So without further adieu, here we go.

Basic Concepts

The DNS system is, at its heart, a translation mechanism between things humans are comfortable dealing with, and things that computers are comfortable dealing with. The human comfy part is essentially the domain name. Something like chrislea.com or nata2.org… something that we can see and recognize and remember. The thing is, your computer doesn’t care about those human readable domain names at all. The computer wants a number, since computers are pretty good at dealing with numbers. Specifically, the computer wants a number known as an IP address. That’s what DNS does.

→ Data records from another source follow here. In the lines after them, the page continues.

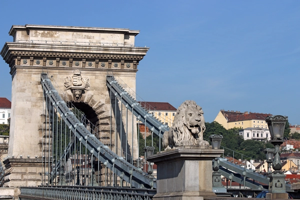 “Széchenyi Bridge, or the Chain Bridge, is the oldest in the city... and is magnificently lit at night. Two stone lions on pedestals keep proud watch over either end of the bridge.”
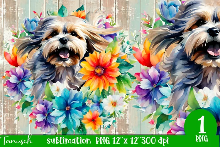 Watercolor Dog Sublimation Watercolor Dog Lhasa Apso Watercolor Dog Sublimation Dog And Flowers Watercolor Dog Portrait Png Lhasa Sublimation Lhasa Apso Flowers
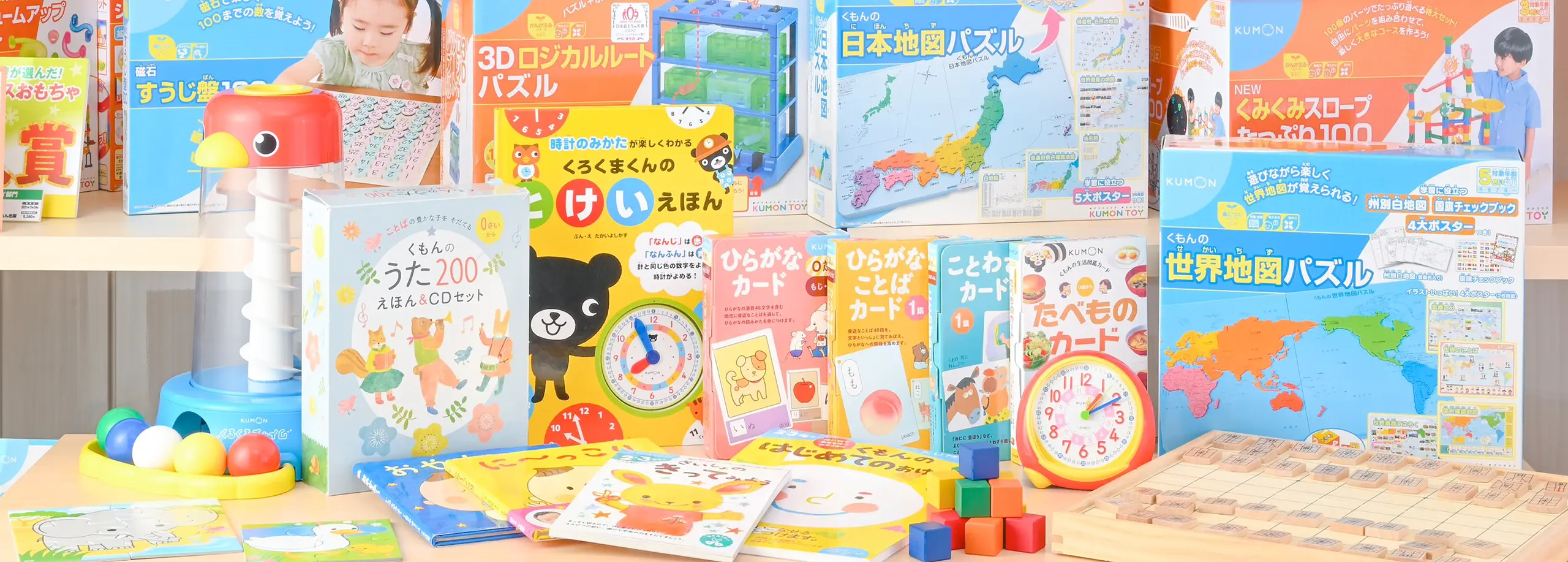 くもん出版は、お子さまの成長に合わせて選んでいただける知育玩具やドリル、中高生用の参考書、大人まで楽しめる書籍やドリルなど、一人ひとりの「できた!」のお手伝いができる商品をつくっています。
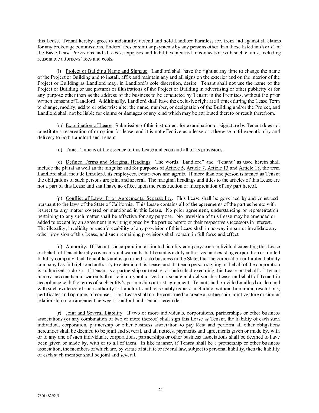 31 780148292.5 this Lease. Tenant hereby agrees to indemnify, defend and hold Landlord harmless for, from and against all claims for any brokerage commissions, finders’ fees or similar payments by any persons other than those listed in Item 12 of the Basic Lease Provisions and all costs, expenses and liabilities incurred in connection with such claims, including reasonable attorneys’ fees and costs. (l) Project or Building Name and Signage. Landlord shall have the right at any time to change the name of the Project or Building and to install, affix and maintain any and all signs on the exterior and on the interior of the Project or Building as Landlord may, in Landlord’s sole discretion, desire. Tenant shall not use the name of the Project or Building or use pictures or illustrations of the Project or Building in advertising or other publicity or for any purpose other than as the address of the business to be conducted by Tenant in the Premises, without the prior written consent of Landlord. Additionally, Landlord shall have the exclusive right at all times during the Lease Term to change, modify, add to or otherwise alter the name, number, or designation of the Building and/or the Project, and Landlord shall not be liable for claims or damages of any kind which may be attributed thereto or result therefrom. (m) Examination of Lease. Submission of this instrument for examination or signature by Tenant does not constitute a reservation of or option for lease, and it is not effective as a lease or otherwise until execution by and delivery to both Landlord and Tenant. (n) Time. Time is of the essence of this Lease and each and all of its provisions. (o) Defined Terms and Marginal Headings. The words “Landlord” and “Tenant” as used herein shall include the plural as well as the singular and for purposes of Article 5, Article 7, Article 13 and Article 18, the term Landlord shall include Landlord, its employees, contractors and agents. If more than one person is named as Tenant the obligations of such persons are joint and several. The marginal headings and titles to the articles of this Lease are not a part of this Lease and shall have no effect upon the construction or interpretation of any part hereof. (p) Conflict of Laws; Prior Agreements; Separability. This Lease shall be governed by and construed pursuant to the laws of the State of California. This Lease contains all of the agreements of the parties hereto with respect to any matter covered or mentioned in this Lease. No prior agreement, understanding or representation pertaining to any such matter shall be effective for any purpose. No provision of this Lease may be amended or added to except by an agreement in writing signed by the parties hereto or their respective successors in interest. The illegality, invalidity or unenforceability of any provision of this Lease shall in no way impair or invalidate any other provision of this Lease, and such remaining provisions shall remain in full force and effect. (q) Authority. If Tenant is a corporation or limited liability company, each individual executing this Lease on behalf of Tenant hereby covenants and warrants that Tenant is a duly authorized and existing corporation or limited liability company, that Tenant has and is qualified to do business in the State, that the corporation or limited liability company has full right and authority to enter into this Lease, and that each person signing on behalf of the corporation is authorized to do so. If Tenant is a partnership or trust, each individual executing this Lease on behalf of Tenant hereby covenants and warrants that he is duly authorized to execute and deliver this Lease on behalf of Tenant in accordance with the terms of such entity’s partnership or trust agreement. Tenant shall provide Landlord on demand with such evidence of such authority as Landlord shall reasonably request, including, without limitation, resolutions, certificates and opinions of counsel. This Lease shall not be construed to create a partnership, joint venture or similar relationship or arrangement between Landlord and Tenant hereunder. (r) Joint and Several Liability. If two or more individuals, corporations, partnerships or other business associations (or any combination of two or more thereof) shall sign this Lease as Tenant, the liability of each such individual, corporation, partnership or other business association to pay Rent and perform all other obligations hereunder shall be deemed to be joint and several, and all notices, payments and agreements given or made by, with or to any one of such individuals, corporations, partnerships or other business associations shall be deemed to have been given or made by, with or to all of them. In like manner, if Tenant shall be a partnership or other business association, the members of which are, by virtue of statute or federal law, subject to personal liability, then the liability of each such member shall be joint and several.
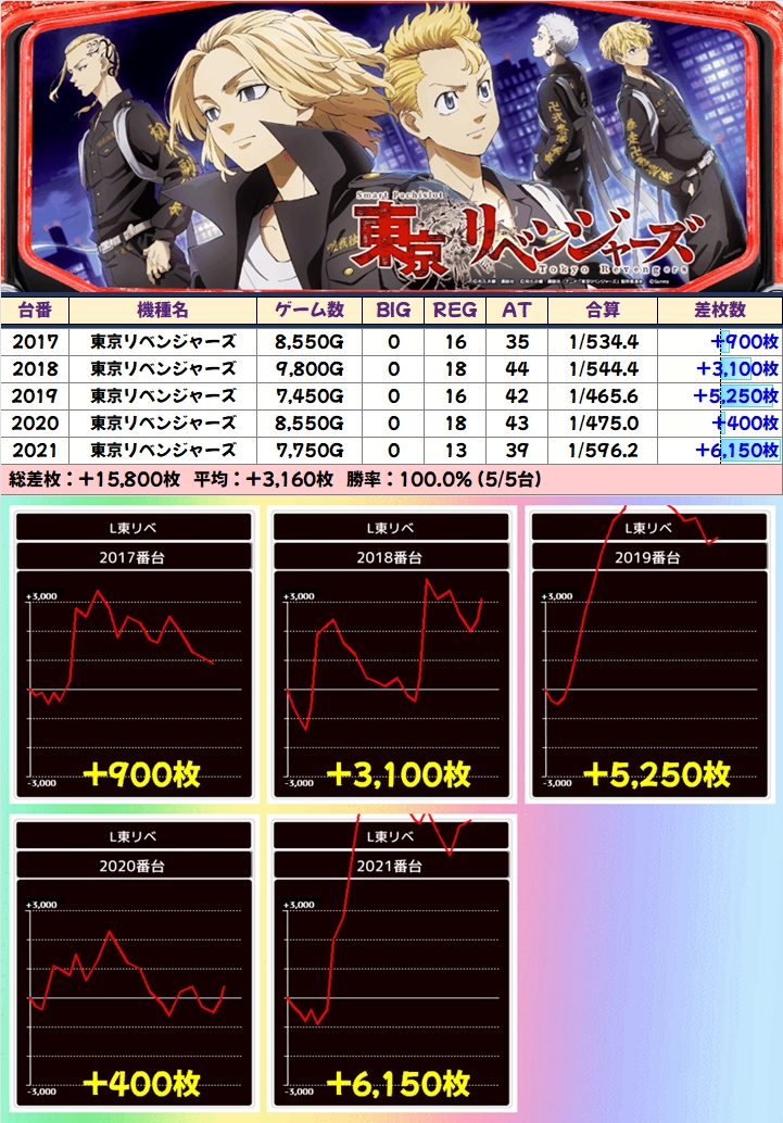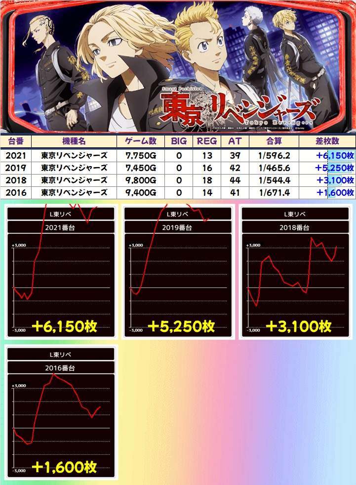 東京リベンジャーズ(6/8台+)➡平均+1,363枚

The way that a domain name actually gets mapped to an IP for your computer is a little complicated, so I’m not going to talk about all the possibilities. The simplified version is that your computer will consult something called a “resolving nameserver”. These are different than “authoritative nameservers” which I’ll talk about in a bit. For now, there are two things to keep in mind.

1. Resolving nameservers are computers whose job it is to answer certain computers when they ask for a domain name to IP address mapping.
2. Your computer will typically use resolving nameservers that are provided by whatever ISP you are connecting to the internet through.

This means, for example, that if you are really unlucky and have Time Warner Cable as your ISP, then when your computer wants to know what IP address to use for say amazon.com, the Time Warner resolving nameservers are there to answer that question.

If you ask for a domain name and the resolvers don’t know the answer already, then the following sequence of things happens very quickly.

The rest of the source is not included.